В воздухе стояло невыносимое зловоние. На постели распростерлось страшное изуродованное существо, скелет, покрытый разлагающейся зеленоватой кожей с разбросанными по ней багровыми опухолями. Матео Колон, держась за стену, подошел ближе. Только по зеленым, как изумруды, глазам, вылезшим теперь из орбит и придававшим лицу выражение безумия, он узнал в этом живом трупе Мону Софию.
Никогда прежде анатом не сталкивался с такой свирепой формой сифилиса. Когда он откинул одеяло, его глазам предстало жуткое зрелище: крепкие, как у молодого животного, гладкие, словно выточенные из дерева, ноги превратились в пару жалких костей.
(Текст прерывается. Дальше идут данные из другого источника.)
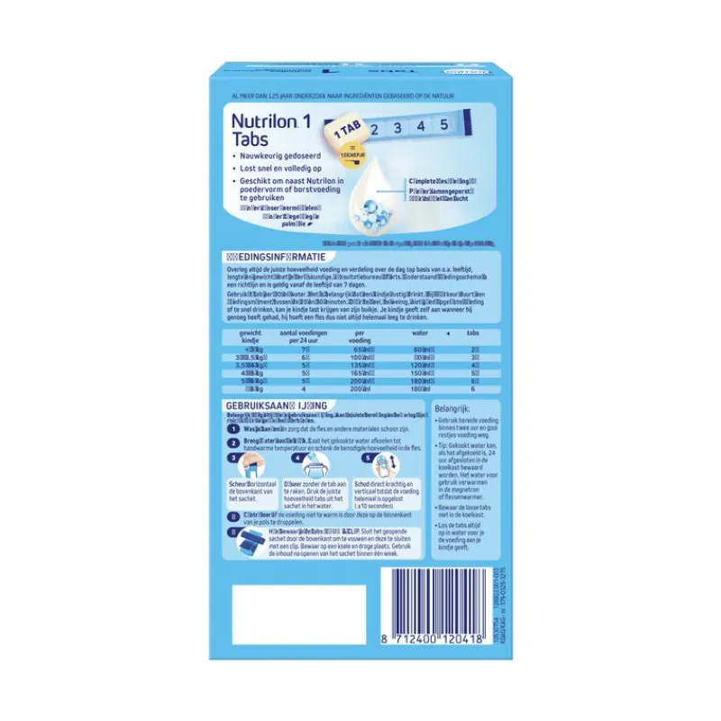 Nutrilon Tabs 1 is een volledige zuigelingenvoeding op basis van melk, geschikt vanaf de geboorte. Borstvoeding is de beste voeding voor je baby.

Руки, такие миниатюрные, что, казалось, они не могли обхватить головку возбужденного члена, теперь походили на две иссохшие ветви; соски, своим совершенством и нежностью напоминавшие цветок, если на земле росли цветы, напоминавшие соски Моны Софии…
Матео Колон присел на край кровати, погладил волосы больной — жидкие и спутанные, — провел ладонью по покрытому морщинами лбу. Он плакал. Не от жалости. И не от сострадания. Он плакал с безутешностью влюбленного. Он любил каждую частицу этого уничтоженного болезнью тела. Очень бережно он взял Мону Софию за щиколотки и медленно развел ноги. Увидел сухую увядшую вульву, похожую на беззубый рот старухи, раздвинул плоть и коснулся Amor Veneris. Коснулся с нежностью и лаской. Погладил с бесконечной любовью. У него сжалось горло, и он снова заплакал.
— Любовь моя, — растроганно проговорил он и повторял «любовь моя…», лаская свою сладостную «Америку».
Под кончиками пальцев анатом ощутил легчайшее трепетание, затем услышал тихий вздох. С мокрым от слез лицом он спросил:
— Ты меня любишь? — В его голосе звучала мольба.
Мона София поглядела в окно, вдохнула весь воздух, который могли вместить ее больные легкие — всего один глоточек воздуха, — и неподвижными губами, голосом, который, казалось, доносился из глубины пещеры, сказала:
— Твое время истекло, — и испустила предсмертный хрип.